Андрей Нарратив
Жук в янтаре
Слой первый: Утро пришло золотым лучом.
Он пробил щель в старой черепице, проткнул пыльный воздух чердака и лёг мне прямо на грудь. Тёплый, почти живой. Я чувствую его кожей — которой у меня уже семьсот лет нет.
Паук в углу зашевелился. Он живёт здесь давно, я помню, как он появился крошечной точкой, ткал свою паутину, ловил мошек, взрослел, умирал, и снова появлялся — уже другой, но такой же. Пауки не смотрят на меня. А люди смотрят.
Мой друг покинул меня.
Он ушёл туда, куда уходят все люди. Только я не могу. Я остался. Его вещи — книги, бумаги, старая трубка — всё это перенесли на чердак, сложили в углу и забыли. А я упал в щель между досок и лежу здесь теперь.
Сколько прошло? Век? Два? Кто знает. Люди приходят, уходят, тащат на чердак старые кресла, сундуки, рассохшиеся рамы. Иногда берут что-то обратно. А я всё лежу. Никому не нужный, никем не замеченный.
Но я чувствую: скоро меня найдут.
Кто-то придёт. Обязательно.
Я жду.
Меня звали Соломон. Или не Соломон? Стёрлось. В памяти остались только обрывки: рынок в Лахоре, запах шафрана и шёлка, крики погонщиков верблюдов, и собственное имя, которое я повторял, когда надо было подписать договор.

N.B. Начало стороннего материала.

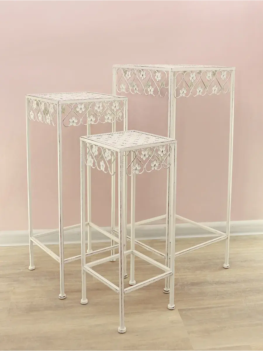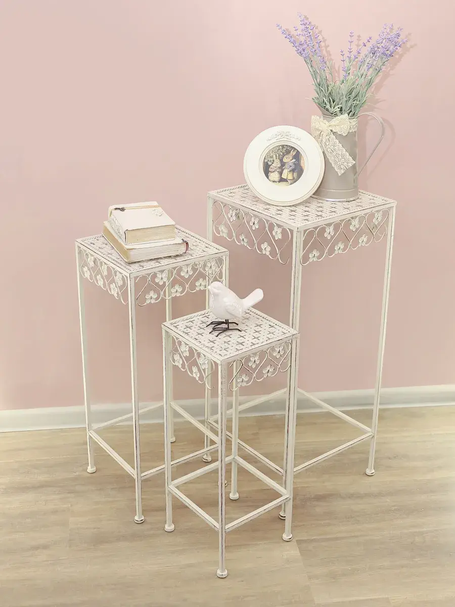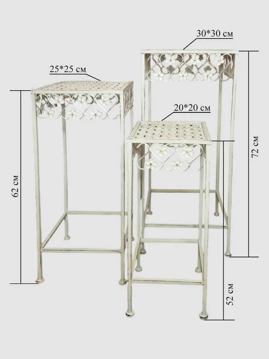 Добавьте стиль и функциональность в ваш дом с набором напольных подставок под цветы "Прованс". Эти металлические подставки для цветов, выполненные в элегантном белом цвете, идеально подойдут для создания уникальных композиций из растений. Разноуровневые стойки 52, 62 и 72 см позволяют разместить растения на разных высотах, создавая визуально привлекательный декор.
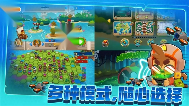 这里有各式各样的飞镖猴、回旋镖猴、大炮、图钉塔、冰猴等不同种类的防御单位。
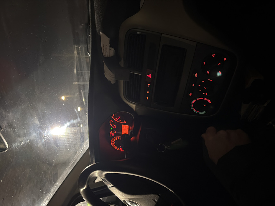 A dimly lit car interior shows a steering wheel, dashboard with illuminated gauges and control panels
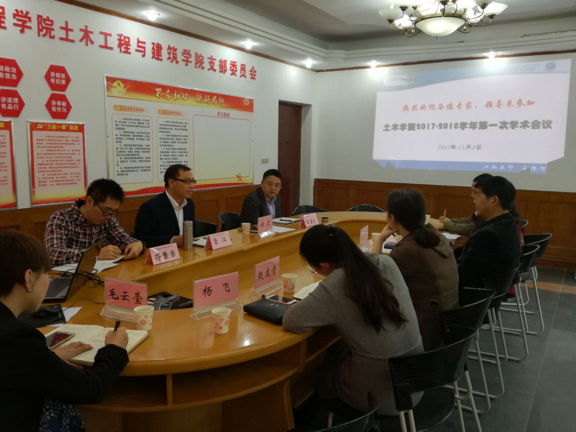 2017年11月8日上午,土木学院在学院二楼会议室召开了2017-2018学年第一次学术会议。本次会议的主题是落实学校“校企合作、产教结合”的办学模式,加强本科专业内涵建设。副校长程昌华、科技处处长李静、教务处副处长赵友贵、质评办副主任袁开友、工程训练中心副主任陈艳莲、动画学院副院长杨飞、土木学院院长任宏教授等校内专家、领导出席会议,会议由土木学院执行院长雷江主持。
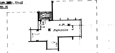 Locale ad uso magazzino posto al piano terra, all'interno di una palazzina residenziale sviluppata su più piani. Attualmente si trova composto da ingresso con portone finestrato, servizio, ampio locale suddiviso al suo interno da una tramezza che delimita un ulteriore ambiente, sempre destinato a magazzino.
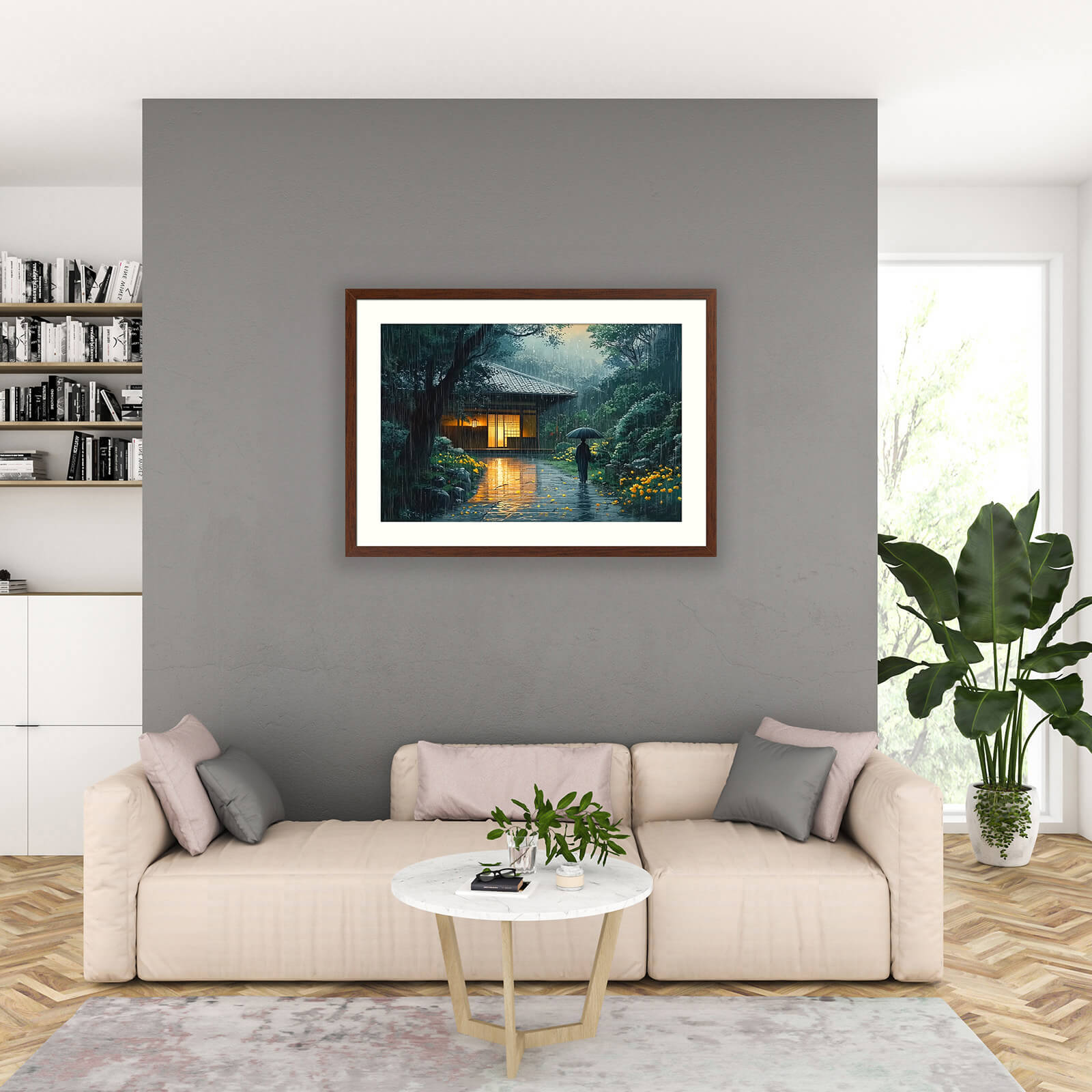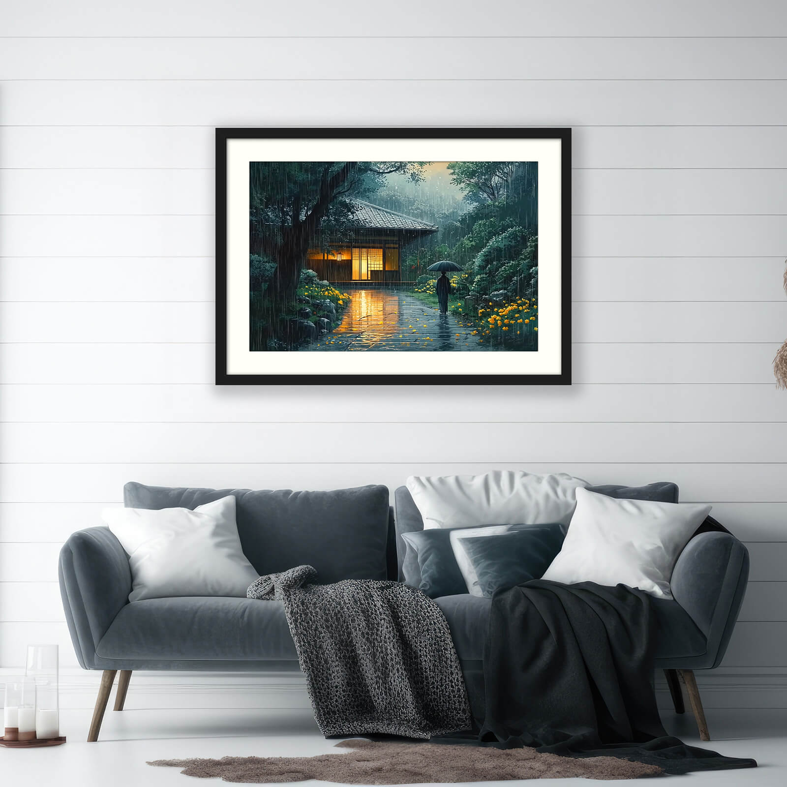 Japanese rain wall art capturing a rainy night Japan art scene, this print shows a solitary figure with umbrella walking along a wet path toward a warmly lit house set in lush greenery. The Japanese landscape print transports you into a quiet moment of nature, architecture, and reflection under soft rainfall. Featuring glowing light windows, reflections on slick stones, and dense foliage around a traditional house, it evokes both serenity and mystery. Perfect for bedrooms, studies or living rooms where a calming focal piece is desired. Works well as a statement in Zen, Japandi, or minimalist environments, or paired with natural wood and neutral tones to enhance its warmth.

Бен Иегуда? Бен Давид? Неважно. Важно, что я был человеком.
Я торговал тканями. Лахорский шёлк ценился в Каире выше золота. Я арендовал две каюты на ганзейской когге — грузное судно, которое должно было доставить меня и мой товар через океан к африканским берегам. План был прост: продать, закупиться пряностями, вернуться и стать богаче. Я был молод, полон надежд и глупой веры в то, что завтра будет таким же, как сегодня.
На корабле был колдун.
Я узнал его не сразу. Он сидел в углу трюма, перебирал какие-то кости, бормотал на языке, которого никто не понимал. Матросы обходили его стороной, но я-то человек деловой — мне что колдун, что плотник, лишь бы не мешал. А он и не мешал. Пока мы не сели играть в нарды.
Я выигрывал. Раз за разом. Он злился, сбрасывал фишки, требовал реванша. К утру он был должен мне целое состояние. А когда я потребовал расплаты, он улыбнулся — криво, страшно, одними уголками губ.
— У меня нет денег, — сказал он. — Но есть кое-что ценнее. Каменья. Пойдём, покажу.
И повёл меня в свой закуток.
Там он достал шкатулку, открыл... и я провалился в темноту.
Очнулся я уже не человеком.
Я был внутри чего-то тёплого, липкого, сжимающегося. Хотел закричать — и не смог. Тело не слушалось. Вместо рук — крошечные лапки, вместо ног — хитиновые сегменты, вместо лица — застывшая маска жука.
Я был фигуркой. Фигуркой жука внутри янтаря, в которой билось человеческое сознание.
Колдун смотрел на меня и смеялся.
— Будешь знать, как обыгрывать потомков великих, — сказал он. — Посидишь в янтаре пару сотен лет, остынешь, может, отпущу.
Он сунул меня в карман и забыл. А через час когга попала в шторм.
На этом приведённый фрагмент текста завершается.